Records from a data source
########

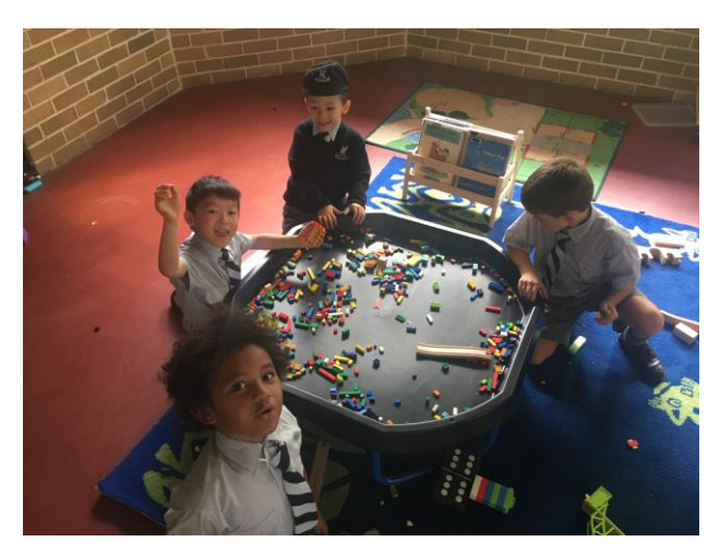
Younger boys LOVE their Lego!
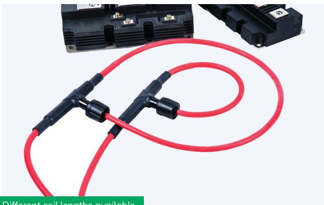
Different coil lengths available
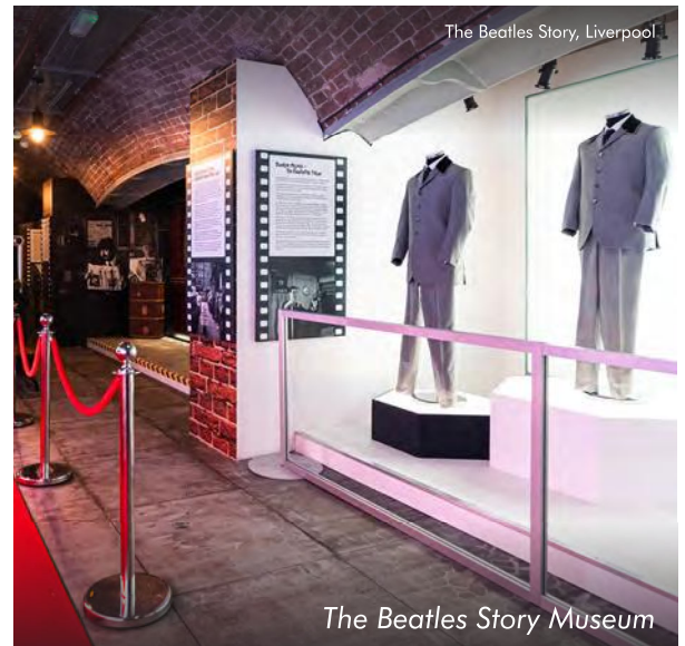
The Beatles Story Museum
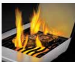
INFRARED SIZZLE ZONE™ SIDE BURNER (LD4X MODEL)
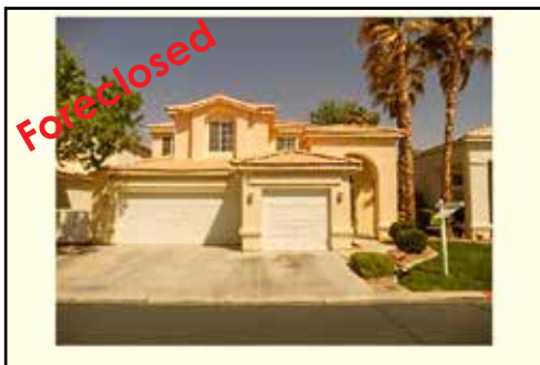
Ref #1340733 • 4 Bedrooms • 2.5 Baths • 2325 Sq. Ft. Year: 1999 • Lot Size: 5227 Sq. Ft. Covered Patio • Painted Desert • $263,500
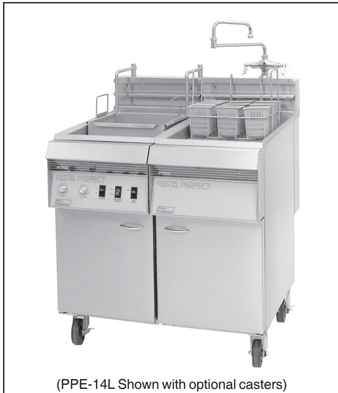
(PPE-14L Shown with optional casters)
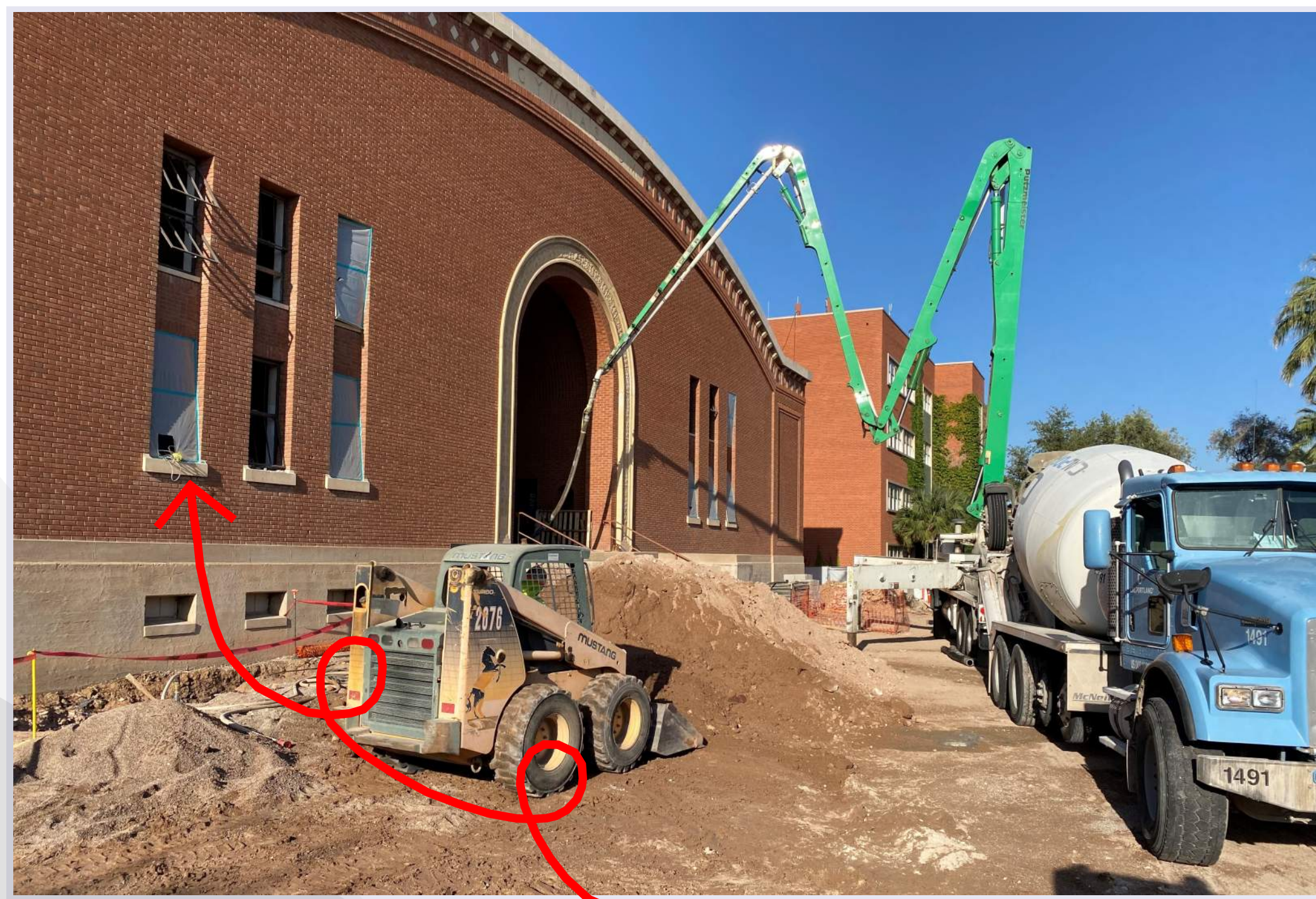
View of the Main Entrance on the north side of the building during one of the last major concrete placements. The concrete slab that was placed here will be the floor of a new catering kitchen tucked into the northeast corner of the building.
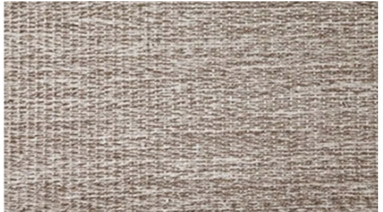
2-TONE SILK AND SISAL WOVEN RUG
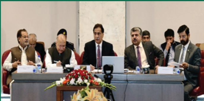
Speaker National Assembly, Sardar Ayaz Sadiq presiding the meeting of the National Assembly Strategic Plan Committee at Parliament House on 15th May, 2024.

########

Task goal
In the entries above, find the line with "Ref #1340733 •" and the line with "(PPE-14L Shown with optional casters)". Write out exactly those two lines and every line between them, pictures excluded.

Response for this exercise
Ref #1340733 • 4 Bedrooms • 2.5 Baths • 2325 Sq. Ft. Year: 1999 • Lot Size: 5227 Sq. Ft. Covered Patio • Painted Desert • $263,500
(PPE-14L Shown with optional casters)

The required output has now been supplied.